According to NIBSS, instant payment transactions from January to November 2022 stood at N311.81 trillion and PoS transactions amounted to N6.85 trillion, indicating a solid uptake in digital payments in the country.

In September 2022, the instant payment transactions value rose to N32.8 trillion, a 39.5 percent increase compared with the N23.5 trillion recorded in September 2021.

October’s figure stood at 34.5 trillion, a 42 percent growth over the N24.3 trillion recorded in the same month of 2021.

Instant payment transactions increased to N38.9 trillion, up 50 percent from N25.9 trillion in November 2021, according to NIBSS data.

Some business owners in the parts of the South East are not accepting the new naira notes, many of which were brought in by travellers from the Federal Capital Territory and other parts of the country who came back home for the festive season.

When one of our correspondents visited a store in Agwuata area of Anambra State to purchase some items with the new naira notes, the owner of the store refused to accept the new N500 note.

A 45-year Adaku Okafor who is into cassava processing in Ihie area of Abia State, said she had not seen the new notes in her business transactions since the launch of the notes.

“I haven’t seen the money yet; throughout this village and neighbouring communities where I carry out my business, we still use the old notes; you can’t see the new notes anywhere. I won’t even accept the money when I am offered because it’s not popular here and it could tie my cash down. I don’t know how long it will take for the notes to begin circulating here,” she said.

A resident of the community, Emmanuel Chikeziri said he is eager to see the new notes but won’t accept it as it may be useless for a while.

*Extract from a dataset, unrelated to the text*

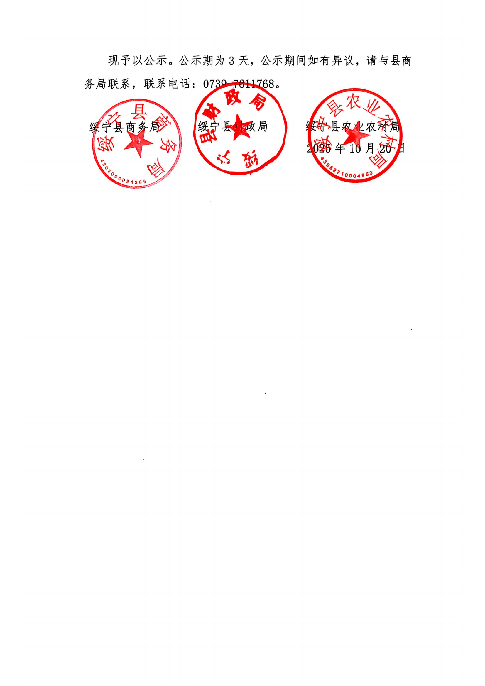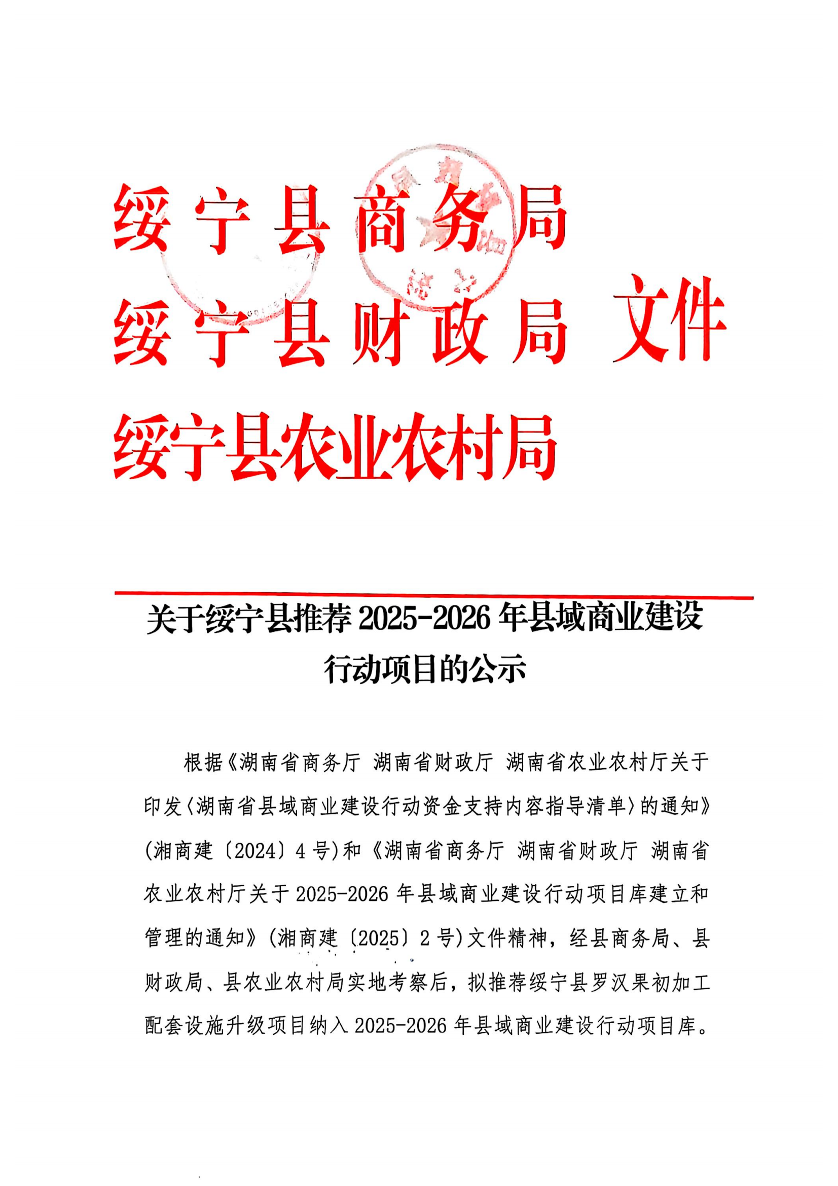 关于绥宁县推荐2025 - 2026年县域商业建设行动项目的公示

“Nobody in this village knows what the new notes look like; we are still buying and selling with the old notes which are still very valuable to us here, even though government has set a deadline for the money to be removed from the streets,” he said.

“I won’t accept the money, except you give it to me for free,” said another trader and farmer who simply identified herself as Chinyere. “I can’t accept it because nobody will accept it here,” she added.

Read also: Traders raise concern over scarcity of new naira

Beatrice Ezennaya, a petty trader in Bwari, Abuja, said she had yet to receive the new notes. “We are still transacting with the old notes; the new notes are very scarce here. My customers still bring the old notes to purchase things.”

The Senate has urged the CBN to extend the withdrawal date of old currency notes from Jan. 31, 2023 to June 31 in order to forestall imminent hardship on Nigerians especially for citizens who live in rural areas and may face extreme difficulty in accessing the new notes.

The CBN aims to solidify the growth of electronic payments, by continuously offering competitive services to consumers and imbibing industry innovation, while contributing to the economic growth of Nigeria.

“By 2025, the country aspired to have a cashless and efficient electronic payment system infrastructure that would facilitate financial services in all sectors of the economy,” the apex bank said in its Payment System Vision (PSC) 2025 document.

There have been sharp increases in the volume and value of electronic payments. PSV 2025, which defines the industry’s roadmap for the next two years, focuses on initiatives such as contactless payments, big data and open banking, and artificial intelligence, among others, which will further drive digital innovations and electronic payments in Nigeria.

“By 2025, agent banking initiative and other industry solutions will further aid the improvement of financial inclusion in Nigeria,” it said.